# Exercise requirements:
Return the listing exactly as it appears, but strip out the images.

# Data segment:

▬▬▬▬▬▬

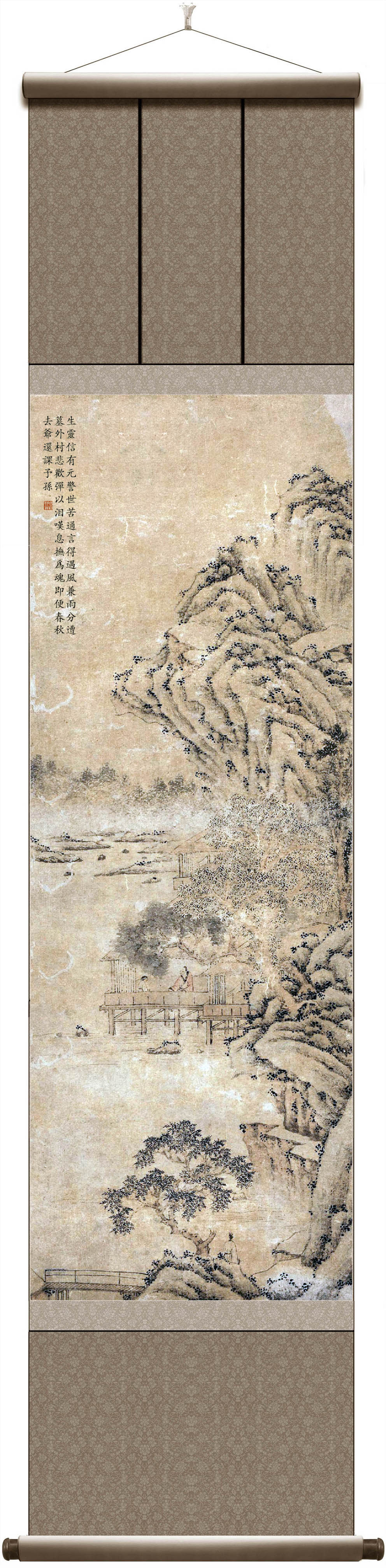 所藉明•文徵明《幽居图》,镜心,纸本,设色,画幅纵77厘米,横28厘米。
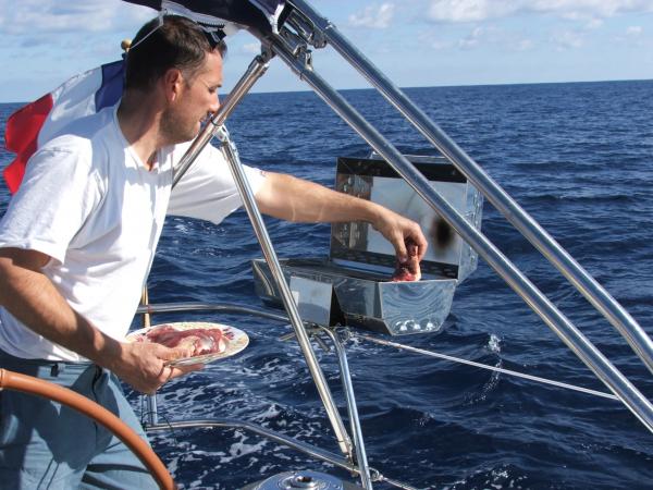 Après avoir déjeuner, chacun somnole plus ou moins, quand soudain un sifflement, il s'agit du bruit du fil de la canne à pêche qui défile à toute allure … Non incroyable, un poisson semble enfin avoir croisé notre route
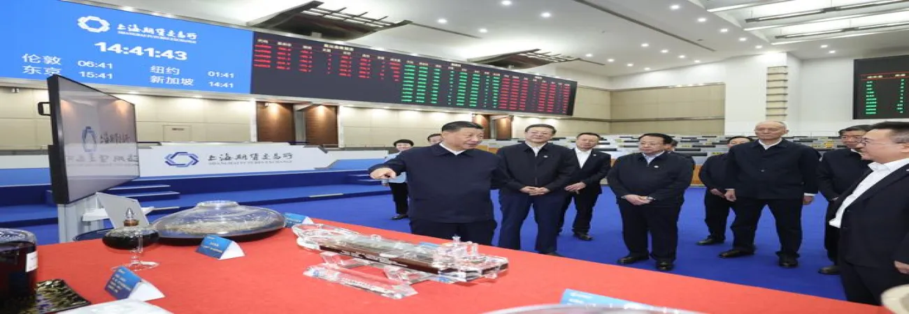چین ، مشرقی شہر شنگھائی میں چینی صدر، کمیونسٹ پارٹی آف چائنہ کی مرکزی کمیٹی کے جنرل سیکرٹری اور مرکزی فوجی کمیشن کے چیئرمین شی جن پھنگ شنگھائی فیوچر ایکسچینج کا معائنہ کر رہے ہیں۔ (شِںہوا)

▬▬▬▬▬▬

# Solution for this problem:
 所藉明•文徵明《幽居图》,镜心,纸本,设色,画幅纵77厘米,横28厘米。
 Après avoir déjeuner, chacun somnole plus ou moins, quand soudain un sifflement, il s'agit du bruit du fil de la canne à pêche qui défile à toute allure … Non incroyable, un poisson semble enfin avoir croisé notre route
چین ، مشرقی شہر شنگھائی میں چینی صدر، کمیونسٹ پارٹی آف چائنہ کی مرکزی کمیٹی کے جنرل سیکرٹری اور مرکزی فوجی کمیشن کے چیئرمین شی جن پھنگ شنگھائی فیوچر ایکسچینج کا معائنہ کر رہے ہیں۔ (شِںہوا)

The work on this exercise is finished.